Are Environmentalists Who Oppose Wind Farms Environmentalists?

Wind power can help address the nation’s compelling demand for electric power without increasing greenhouse gas emissions or enlarging our carbon footprint. Environmental activists, who are critical of the use of fossil fuels due to their perceived negative impact on the environment, are generally supportive of developing wind power as an alternative energy source. Wind is renewable, sustainable and non-polluting.

Why is it then that environmental groups sometimes oppose the development of wind power in the courtroom? From a global or even regional perspective, environmentalists should be rallying behind wind power, not opposing.

The short answer is that any commercial-scale, land-based development project within the United States is likely to involve a matrix of regulatory and environmental issues that arise during the siting process. Wind farm siting often involves addressing issues concerning aesthetics, noise and wildlife impacts. In many instances, environmental groups have joined local activists and Nimbies in opposing a wind power development.

A more responsible role for an environmental group, which should recognize the benefits of wind power, should be to mediate siting disputes rather than oppose development. From the environmentalist’s perspective, the more available wind power to generate electricity the better.

Many of the so-called environmental groups that oppose wind power are actually not environmentalists at all, but single purpose organizations whose sole object is to oppose wind development. Most environmental groups have an agenda that balances the pros and cons of various types of energy. However, these single purpose groups do not advocate in favor of anything.

For example, Friends of Maine’s Mountains claim to be dedicated toward working to “foster a civil and fact-based debate with the goal of exposing the true costs of mountain-based industrial wind development in Maine.” This group seeks donations to further its work in “shaping a sound, scientific and economics-based energy policy for the State of Maine.” However, a review of its website demonstrates that it offers neither constructive energy policies nor recommendations for keeping Maine on the energy grid. Rather, it is a NIMBY group that advocates the view that any public or governmental support for wind power is misplaced.

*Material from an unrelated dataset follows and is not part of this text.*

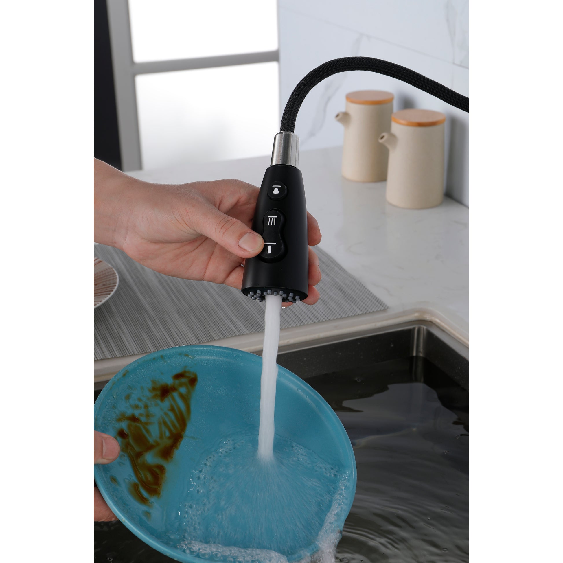 This modern kitchen faucet combines elegance with functionality, featuring a sleek matte black finish that makes it a stylish addition to any kitchen. The pull-down sprayer offers versatility for handling a variety of tasks, such as washing dishes or filling pots. Designed with user convenience in mind, this faucet includes a single handle that allows for easy control of both water flow and temperature. Installation is straightforward, with professional instructions provided, enabling you to set up the faucet in just 30 minutes. Its clean aesthetic and practical design ensure that it enhances the overall style of your kitchen while providing high performance.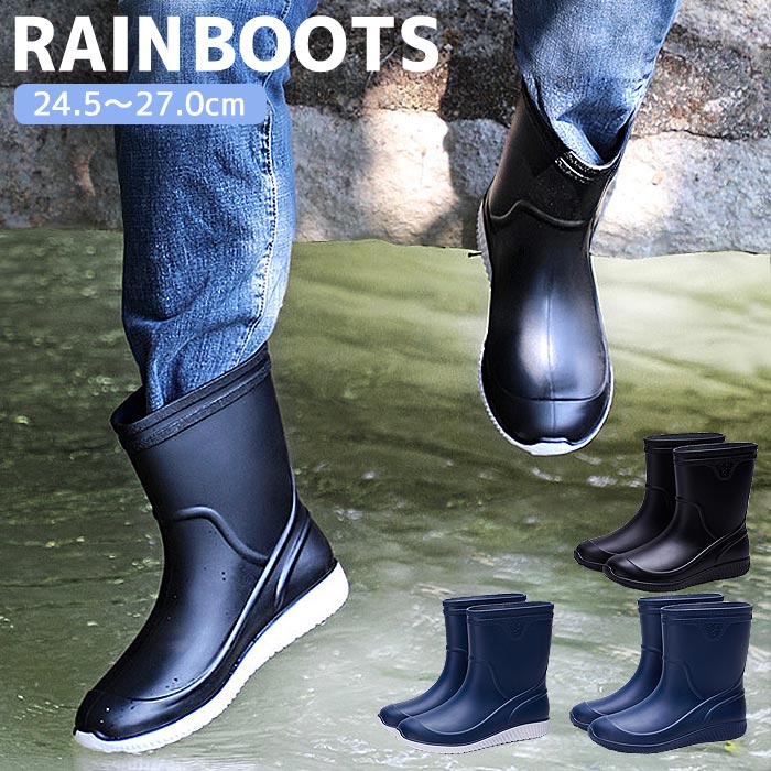 レインブーツ メンズ レインシューズ おしゃれ ブーツ ショート 丈 防水 長靴 梅雨 台風 対策 雨

In Friends of Maine’s Mountains v. Board of Environmental Protection, 61 A.3d 689 (Me. 2013), Friends of Maine’s Mountains, along with other environmental groups, opposed the approval of a wind energy project near a lake and multiple homes. The Maine Department of Environmental Protection (“DEP”) set the appropriate nighttime noise level and refused to treat Webb Lake, which is located near the project, as a “scenic resource of national resource.”

The Board of Environmental Protection (“BEP”) upheld DEP’s approval of the wind energy project. However, in doing so, BEP agreed to a higher noise threshold than what it had previously agreed to for wind projects generally. Plaintiffs brought suit to block the plan, claiming that BEP abused its discretion and violated the Maine Constitution.

On appeal, the court agreed that BEP had abused its discretion by approving the higher noise threshold. On the basis of this determination, the case was remanded for further consideration of the appropriate nighttime decibel level.  However, the decision represents a considerable setback for Friends of Maine’s Mountains (and other neo-environmentalists) despite the remand on the noise level issue.

The Supreme Judicial Court rejected plaintiffs’ constitutional arguments that: (1) the Maine Wind Energy Act denied plaintiffs equal protection by denying protection for lakes listed among “Maine’s Finest Lakes”; (2) the Wind Energy Act violated the separation of powers clause of the Maine Constitution; and (3) DEP and BEP denied plaintiffs’ due process rights because of demonstrated bias. The court  also rejected  plaintiffs’ argument that Webb Lake, despite its natural beauty, was deserving of protective “scenic resource” status. The Court determined that legislative action, not administrative orders, determines what lakes in Maine are protected as “scenic resources.”

In addition, the court flatly rejected plaintiffs’ argument that the Wind Energy Act’s criteria for assessing visual impact are overly vague and therefore violative of the Separation of Powers Clause. The criteria in dispute were the six factors that the Board considers when making its determination regarding a wind energy project’s impact on scenic resources.

The court held that a statute is not constitutional merely due to difficult application. For example, in an earlier case, the court grappled with the difficulty of defining an “annoying” dog bark. As difficult as it is to judicially determine when and under what circumstances a bark becomes an annoyance, this criterion was upheld as constitutional.

Maine’s Legislature enacted the Wind Energy Act as a means to promote wind as a renewable energy source and streamline the permitting process for wind energy. Despite the opposition of the NIMBY groups like Friends of Maine’s Mountains, the Supreme Judicial Court had previously held that the “state interest in facilitating the rapid development alternative, renewable energy resources” is a legitimate interest that rationally relates to provisions in the Wind Energy Act.

There is a constructive role for environmental activists to play in the wind power siting discussions, but single-minded opposition to the expanded use of wind power as an energy source is misplaced. These so-called “environmentalists” would better serve their stakeholders by engaging in constructive discussion rather than running to the courthouse.